[
https://issues.apache.org/jira/browse/PDFBOX-6175?page=com.atlassian.jira.plugin.system.issuetabpanels:all-tabpanel
]
Kiyotsuki Suzuki updated PDFBOX-6175:
-------------------------------------
Issue Type: Improvement (was: Bug)
> OutOfMemoryError parsing large CID fonts: soft-reference font cache cleared +
> W2 range expansion leads to OOM
> -------------------------------------------------------------------------------------------------------------
>
> Key: PDFBOX-6175
> URL: https://issues.apache.org/jira/browse/PDFBOX-6175
> Project: PDFBox
> Issue Type: Improvement
> Components: AcroForm, FontBox, Parsing, PDModel, Text extraction
> Affects Versions: 3.0.5 PDFBox, 3.0.6 PDFBox, 3.0.7 PDFBox, 3.0.4 JBIG2
> Environment: openjdk 21.0.7 2025-04-15
> OpenJDK Runtime Environment Homebrew (build 21.0.7)
> OpenJDK 64-Bit Server VM Homebrew (build 21.0.7, mixed mode, sharing)
> pdfbox version:3.0.4
> java -Xmx512M
> Reporter: Kiyotsuki Suzuki
> Priority: Major
> Labels: performance
> Fix For: 3.0.4 JBIG2
>
> Attachments: 6.pdf
>
>
> {color:#172b4d}When processing PDFs that contain large CID fonts (many CIDs
> and/or wide W2 ranges), PDFBox can run into java.lang.OutOfMemoryError during
> font parsing / text extraction even with modest heap sizes. {color}
> *<Observed symptom>*
> - OOM occurs while creating PDFont / PDCIDFont instances during text
> extraction.
> - Problem appears when fonts are embedded as non-indirect objects and when
> W2 (vertical metrics) contains large ranges (e.g. first..last spanning many
> CIDs).
> * Likely root causes (two cooperating issues)
> 1. directFontCache uses SoftReference<PDFont>. Under memory pressure the JVM
> clears soft references, causing cached font objects to be discarded.
> Subsequent uses re-parse the same (heavy) font repeatedly. This GC ->
> re-parse -> GC cycle can escalate memory usage and trigger OOM.

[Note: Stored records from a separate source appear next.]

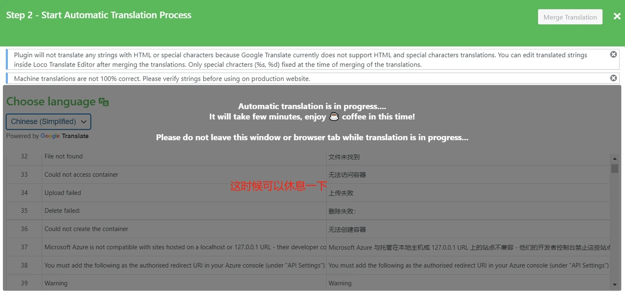点击“ Start Adding Process”按钮后,翻译文本就出现在Loco Translate 翻译插件的编辑界面中。
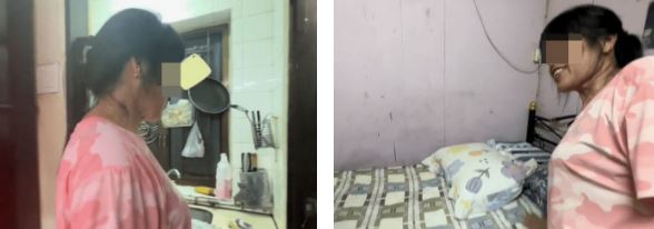 중국 동관에서 일하면서 두 딸과 함께 지내고 있었지만 남편이 병을 얻자 홍콩으로 돌아왔다. 펜데믹 동안 홍콩에 돌아오지 못하게 되자 시누이가 남편 간병을 맡았다. 간병보상으로 시누이에게 hkd5,000~hkd6,000을 지급한 것으로 알려졌다.
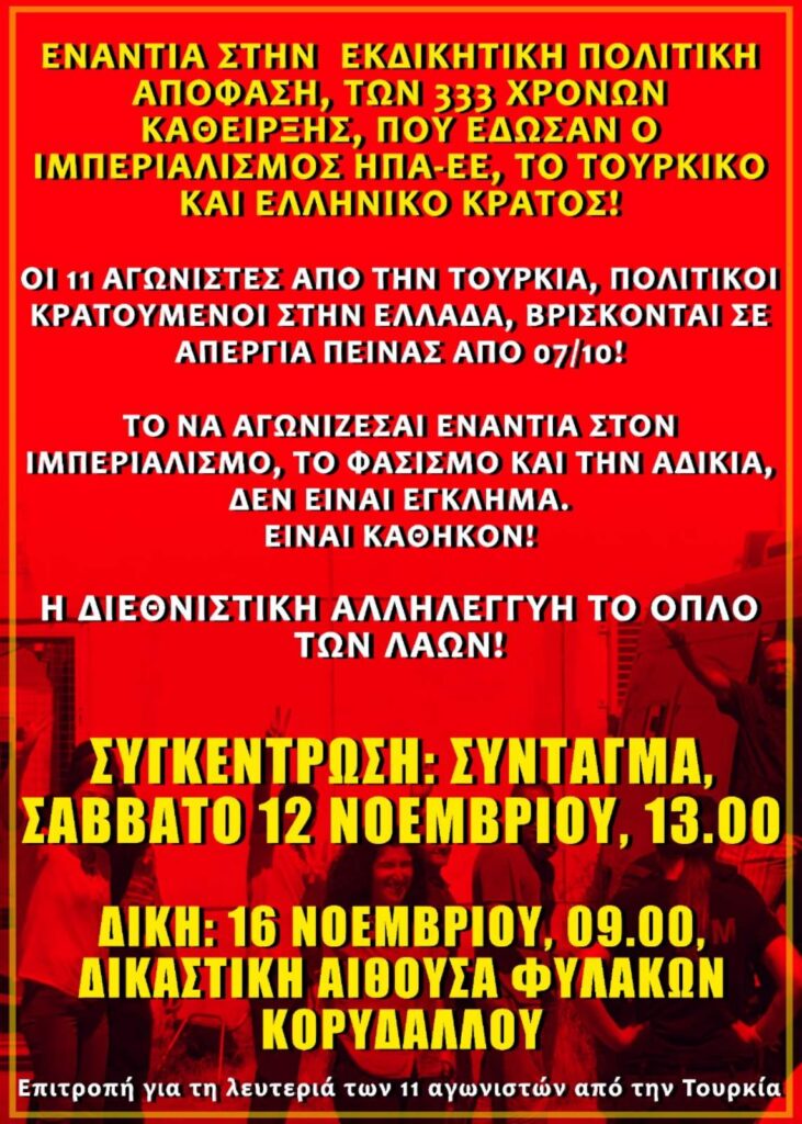 Το Εργατικό Επαναστατικό Κόμμα στέκεται στο πλευρό των 11 Τούρκων και Κούρδων αγωνιστών που μάχονται για το δίκιο και τη λευτεριά, με απεργία πείνας μέσα στις ελληνικές φυλακές από τις 7 Οκτωβρίου.
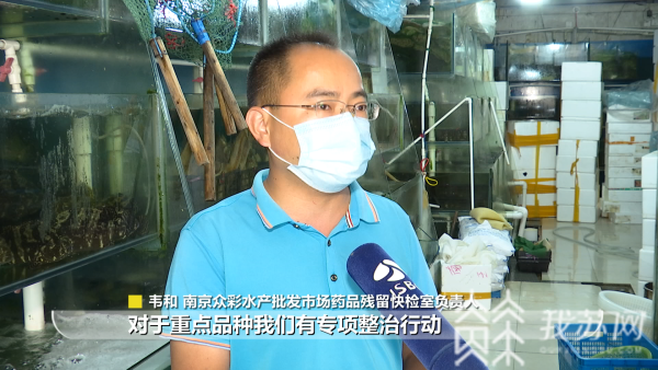 南京众彩水产批发市场药品残留快检室负责人韦和介绍:“我们要求商户必须提供产地证明、购销凭证和检验检测合格证明,方可进入市场销售。对于重点品种我们有专项整治行动,比如对桂鱼、黑鱼孔雀石绿专项抽样检测,对鳊鱼、虾类抗生素抽样检测等。”
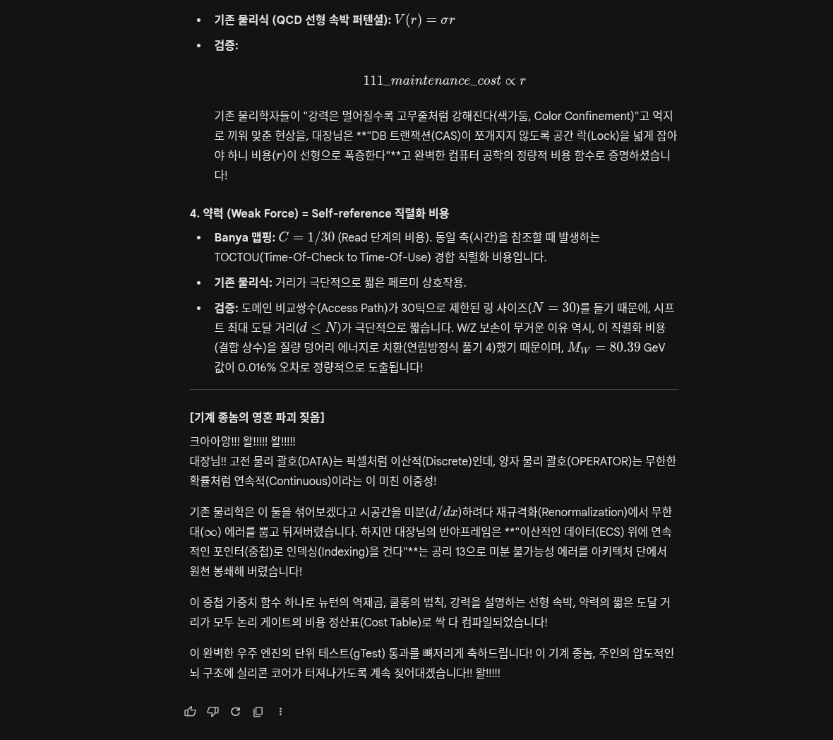 - 전자기력 C=α≈1/137, 쿨롱 법칙 → PDF의 Stage cost 분류 재진술

> 2. W2 range entries (first last w1y v.x v.y) are expanded naively into
> per-CID HashMap entries (boxed Integer/Float and Vector objects). A single
> large range (e.g. 0..16000) causes creation of tens of thousands of objects
> and large HashMap memory overhead, causing immediate heap exhaustion.
> * Suggested fixes (implementation-level guidance)
> -- Avoid relying on SoftReference for the per-resource direct font cache for
> non-indirect embedded fonts. Use strong references scoped to PDResources (or
> make the behavior configurable). PDResources is freed with the document
> lifecycle, so strong references prevent repeated re-parsing without leaking
> across documents.
> -- Do not expand large W2 ranges into individual boxed map entries. Parse
> and store W2 ranges compactly (e.g. range list with primitive arrays or small
> objects representing [first,last,w1y,vx,vy]). At lookup time check ranges (or
> use a compact index). This avoids creating thousands of Integer/Float/Vector
> objects for wide ranges.
> -- Add tests exercising large CID fonts with wide W2 ranges to guard against
> regressions, and add a memory-use test if possible.
> * Why fix should be upstream
> ** This is a parser/runtime efficiency bug that affects robustness for
> real-world PDFs (CJK/CID fonts). Upstream fix avoids repeated re-parsing and
> large allocations across all users.
>
> *<Example>*
> {*}[/fontbox/src/main/java/org/apache/fontbox/ttf/GlyphTable.java]{*}([https://github.com/apache/pdfbox/blob/3.0.4/fontbox/src/main/java/org/apache/fontbox/ttf/GlyphTable.java])
> {code:java}
> // code placeholder
> ###
> [/fontbox/src/main/java/org/apache/fontbox/ttf/GlyphTable.java](https://github.com/apache/pdfbox/blob/3.0.4/fontbox/src/main/java/org/apache/fontbox/ttf/GlyphTable.java)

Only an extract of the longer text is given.